Natural gas reshaped the domestic energy market in 2012, lowering energy prices and marginalizing the coal industry.
But America’s shale boom hasn’t undermined renewables. In fact, while analysts were paying attention to fracking this year, a record number of solar panels were being slapped on roofs – enough to produce 3.2 gigawatts of electricity.
That sounds like a lot, but solar is still providing just .05 percent of the country’s total energy. Still, the solar industry keeps expanding. Roan Resh, who heads the Solar Energy Industries Association, said that’s because solar panels are becoming cheaper to make and to install.
“Just to give you perspective,” Resh said, “in Washington, D.C., where I live, when I installed solar on my house six years ago, the average install cost was about $14 a watt. Today it’s about $4 a watt.”
So if you’re installing solar panels, business is good. But there’s a flip side to that equation. Prices are low because of a global manufacturing glut. Solar manufacturers have the capacity to produce way more panels than consumers are asking for right now, and many panel producers are struggling.

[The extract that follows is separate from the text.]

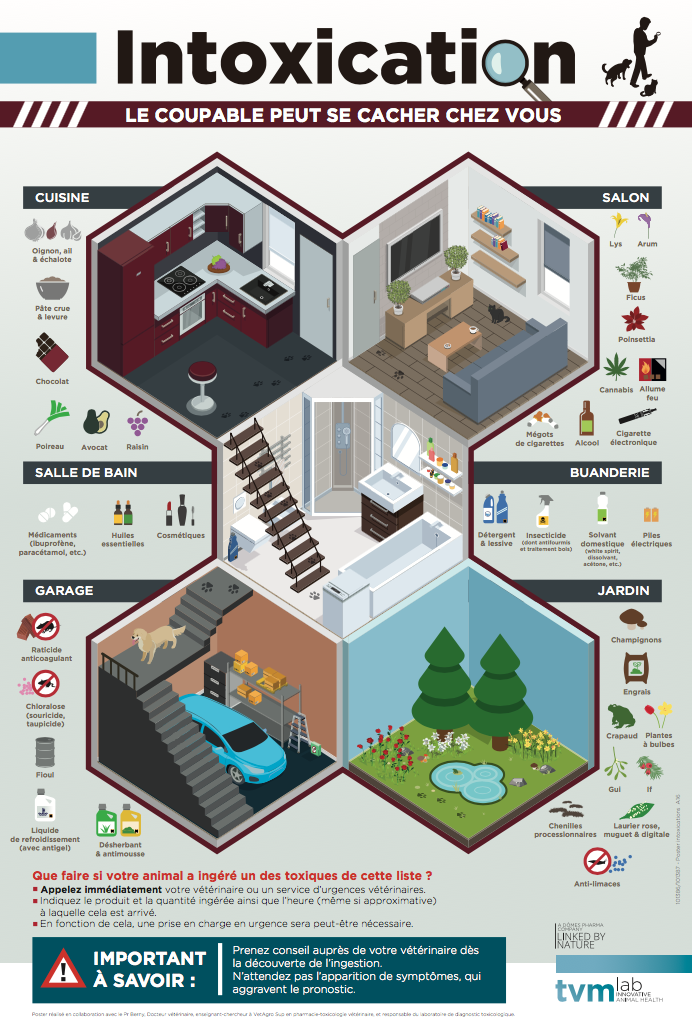 Intoxications chez le chien, le chat et petits animaux domestiques : les risques sont partout. Aussi bien à l’intérieur (cuisine, salon, salle de bain), dans les annexes (garage, buanderie) qu’à l’extérieur, au jardin. Il ne faut pas les sous-estimer. Le laboratoire vétérinaire TVM, qui s’investit entre autres dans la prise en charge des intoxications, a édité un petit fascicule très pratique et très bien documenté. Il est disponible chez votre vétérinaire et se décline également sous la forme d’un poster que vous pourrez consulter en salle d’attente. Un document précieux à avoir toujours sous la main et que vous pouvez télécharger !

The bulk of solar growth is happening at businesses; companies are installing panels on roofs so that they don’t have to buy as much energy from the grid. State and federal policies are making that an easy decision for companies. Businesses who install panels can qualify for grants and tax breaks, and laws in 38 states require a certain amount of electricity to be generated by solar, wind and other renewable sources.
Wind was up this year too. The federal Energy Information Administration says the industry could add 1.2 gigawatts of capacity this year. Wind only provides a small portion of domestic power, about three percent.
Wind is on a strong streak as well, said Rob Gramlich, a vice president at the American Wind Energy Association. “Where we were serving the equivalent of 6 million homes at the end of 2008, we’re serving 13 million today,” he said.
In three of the last five years, wind has been the fastest-growing energy sector. That was the case in 2012, but this year’s totals leave a bit of a false impression. There’s been a flurry of activity in December, and in fact more than half of new wind farms will likely come online this month.\
“The single-most reason for that is the tax support system which we all rely upon is expiring at year end,” explained Jim Spencer, the president and CEO of New York-based EverPower, which runs wind farms in Pennsylvania, New York, Ohio and California. “We really accelerated projects that might otherwise have been built next year.”
The program – called a production tax credit – expires on Dec. 31. It allows companies that get their wind farms running before then to claim a 2.2 cent tax break for every kilowatt hour of energy produced. That might not sound like a lot, but it keeps their business costs down by about 30 percent.
So wind power is about to get 30 percent more expensive for the utilities at a time when natural gas is very cheap.
Rob Gramlich, with the American Wind Energy Association, said it is bad news for wind power.
“Utilities are looking at those prices. And they simply won’t buy nearly as much wind power without that credit,” Gramlich said.
The tax credit could still pass, likely as part one of the huge bills all the “fiscal cliff” agreements will be stuffed into. A last-minute extension, however, won’t help for 2013.
“It’s really a black hole next year,” said EverPower’s Jim Spencer. “We have absolutely no construction plans for next year.”
So wind will slow down next year, but you can still expect renewable growth no matter what happens with natural gas, due to those state laws pushing alternative energy.
States are doing that because climate change scientists around the world agree that if we don’t find a replacement for fossil fuels, our goose is cooked.